La donna prese un tozzo di pane abbrustolito e, con un mestolo di legno, gli versò una ciotola di densa minestra dal grande pentolone sul fuoco. “Mangia,” gli ordinò porgendogli il cibo. “Poi fermati qui per la notte. Domani, a mente lucida, vedremo il da farsi.” Un’ondata di sollievo e gratitudine travolse il ragazzo. “Grazie, signora, per la sua gentilezza. Se non fosse stato per lei, sarei finito in guai seri.”
Elara si accigliò in un finto rimprovero. “Smettila di chiamarmi ‘signora’! Ho un nome. E semmai dovresti chiamarmi ‘signorina’, visto che non sono ancora sposata! Ma in ogni caso, chiamami Elara. Se non vuoi che ti cacci di casa, chiamami per nome!” Ethan, paonazzo ma visibilmente divertito, abbozzò un sorriso. “Sì, signora… cioè, volevo dire, signorina Elara!”
La zuppa calda e il pane fecero il loro dovere. Appena finito l’ultimo boccone, la stanchezza repressa lo investì in pieno. Si sdraiò sul giaciglio di legno e paglia e, prima ancora di potersi fare altre domande su quel mondo alieno, crollò in un sonno profondo, iniziando a russare poco dopo.

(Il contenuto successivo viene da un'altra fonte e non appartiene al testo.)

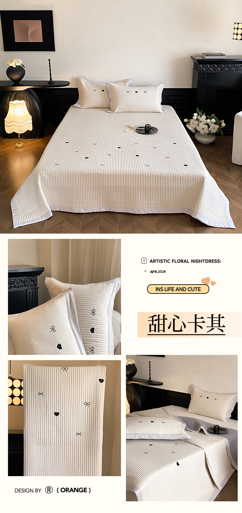 (总)由有家居 2025新品A类50S双股全棉磨毛绣花床盖三件套,樱桃丸子白,甜心灰,甜心卡其,晚意粉,晚意蓝,组合图,樱桃丸子米黄

Dall’altra parte della stanza, Elara rimase a osservarlo. Un sorriso divertito le increspava le labbra, ma nella sua mente i pensieri vorticavano. Non riusciva ancora a credere del tutto al racconto del ragazzo. Era un miscuglio assurdo: carrozze di metallo chiamate auto, tavolette magiche, una nebbia innaturale. Eppure, percepiva che non stava mentendo. Tra tutto, c’era un dettaglio che la tormentava più degli altri. Il canto che lo aveva attirato. Era stata un’illusione, un sogno… o l’apertura di un portale verso un’altra realtà? E il fatto che Ethan si fosse risvegliato proprio lì, nel suo bosco, non poteva essere una coincidenza. Quello era un mistero che Elara non riusciva proprio a spiegarsi.